**AIM OF THE EXERCISE**
In the data below, the answer is the run of lines from the line containing "Removemos muy bien, añadimos" through the line containing "Prvouka - Interaktivní", both included; print it exactly and nothing else.

##### MATERIALS PROVIDED #####

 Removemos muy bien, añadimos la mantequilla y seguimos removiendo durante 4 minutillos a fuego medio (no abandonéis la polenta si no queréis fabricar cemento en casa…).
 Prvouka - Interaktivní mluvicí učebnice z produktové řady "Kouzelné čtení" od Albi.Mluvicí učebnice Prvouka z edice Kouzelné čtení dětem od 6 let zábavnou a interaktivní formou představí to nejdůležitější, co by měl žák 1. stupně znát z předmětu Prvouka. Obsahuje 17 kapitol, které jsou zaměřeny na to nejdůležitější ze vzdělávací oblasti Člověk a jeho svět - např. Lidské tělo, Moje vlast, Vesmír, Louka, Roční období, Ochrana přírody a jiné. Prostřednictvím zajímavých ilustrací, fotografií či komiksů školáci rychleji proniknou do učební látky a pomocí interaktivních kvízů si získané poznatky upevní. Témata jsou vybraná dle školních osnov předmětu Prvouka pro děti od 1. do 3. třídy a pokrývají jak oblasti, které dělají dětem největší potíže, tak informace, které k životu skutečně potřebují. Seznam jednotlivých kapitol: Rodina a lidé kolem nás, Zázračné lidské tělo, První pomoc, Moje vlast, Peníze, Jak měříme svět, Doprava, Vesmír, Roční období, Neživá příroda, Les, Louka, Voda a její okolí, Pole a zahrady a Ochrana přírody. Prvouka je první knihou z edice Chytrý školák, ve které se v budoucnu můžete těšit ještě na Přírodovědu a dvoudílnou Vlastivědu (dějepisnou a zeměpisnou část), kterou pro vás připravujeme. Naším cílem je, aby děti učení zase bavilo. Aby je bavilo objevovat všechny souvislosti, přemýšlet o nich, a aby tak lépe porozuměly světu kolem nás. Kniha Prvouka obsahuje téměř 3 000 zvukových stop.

#####
##### MATERIALS PROVIDED #####

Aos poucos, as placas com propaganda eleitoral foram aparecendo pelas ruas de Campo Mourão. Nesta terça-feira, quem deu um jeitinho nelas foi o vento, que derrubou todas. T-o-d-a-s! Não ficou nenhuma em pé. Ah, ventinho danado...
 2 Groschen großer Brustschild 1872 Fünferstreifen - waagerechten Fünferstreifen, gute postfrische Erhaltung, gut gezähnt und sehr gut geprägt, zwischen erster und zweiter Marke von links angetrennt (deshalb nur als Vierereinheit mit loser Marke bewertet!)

#####

**WRITTEN ANSWER**
 Removemos muy bien, añadimos la mantequilla y seguimos removiendo durante 4 minutillos a fuego medio (no abandonéis la polenta si no queréis fabricar cemento en casa…).
 Prvouka - Interaktivní mluvicí učebnice z produktové řady "Kouzelné čtení" od Albi.Mluvicí učebnice Prvouka z edice Kouzelné čtení dětem od 6 let zábavnou a interaktivní formou představí to nejdůležitější, co by měl žák 1. stupně znát z předmětu Prvouka. Obsahuje 17 kapitol, které jsou zaměřeny na to nejdůležitější ze vzdělávací oblasti Člověk a jeho svět - např. Lidské tělo, Moje vlast, Vesmír, Louka, Roční období, Ochrana přírody a jiné. Prostřednictvím zajímavých ilustrací, fotografií či komiksů školáci rychleji proniknou do učební látky a pomocí interaktivních kvízů si získané poznatky upevní. Témata jsou vybraná dle školních osnov předmětu Prvouka pro děti od 1. do 3. třídy a pokrývají jak oblasti, které dělají dětem největší potíže, tak informace, které k životu skutečně potřebují. Seznam jednotlivých kapitol: Rodina a lidé kolem nás, Zázračné lidské tělo, První pomoc, Moje vlast, Peníze, Jak měříme svět, Doprava, Vesmír, Roční období, Neživá příroda, Les, Louka, Voda a její okolí, Pole a zahrady a Ochrana přírody. Prvouka je první knihou z edice Chytrý školák, ve které se v budoucnu můžete těšit ještě na Přírodovědu a dvoudílnou Vlastivědu (dějepisnou a zeměpisnou část), kterou pro vás připravujeme. Naším cílem je, aby děti učení zase bavilo. Aby je bavilo objevovat všechny souvislosti, přemýšlet o nich, a aby tak lépe porozuměly světu kolem nás. Kniha Prvouka obsahuje téměř 3 000 zvukových stop.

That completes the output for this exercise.